*** Data excerpts Section Begins ***

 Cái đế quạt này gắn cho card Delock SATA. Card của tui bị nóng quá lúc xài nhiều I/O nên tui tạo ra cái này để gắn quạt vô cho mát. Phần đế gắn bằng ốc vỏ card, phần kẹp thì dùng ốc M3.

*** Data excerpts Section Ends ***
*** Data excerpts Section Begins ***

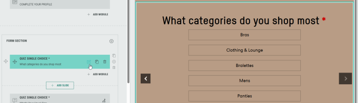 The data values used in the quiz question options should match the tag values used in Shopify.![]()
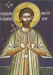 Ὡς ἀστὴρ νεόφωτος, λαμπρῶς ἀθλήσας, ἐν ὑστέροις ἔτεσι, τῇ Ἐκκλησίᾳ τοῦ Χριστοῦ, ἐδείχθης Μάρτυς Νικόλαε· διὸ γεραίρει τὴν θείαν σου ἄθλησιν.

*** Data excerpts Section Ends ***

What the task requires: Lines wanted from the entries above: the one with "The data values", the one with "Ὡς ἀστὴρ νεόφωτος, λαμπρῶς", and all lines between. Please copy them exactly, without the pictures and without anything else.

Answer to the problem:
 The data values used in the quiz question options should match the tag values used in Shopify.![]()
 Ὡς ἀστὴρ νεόφωτος, λαμπρῶς ἀθλήσας, ἐν ὑστέροις ἔτεσι, τῇ Ἐκκλησίᾳ τοῦ Χριστοῦ, ἐδείχθης Μάρτυς Νικόλαε· διὸ γεραίρει τὴν θείαν σου ἄθλησιν.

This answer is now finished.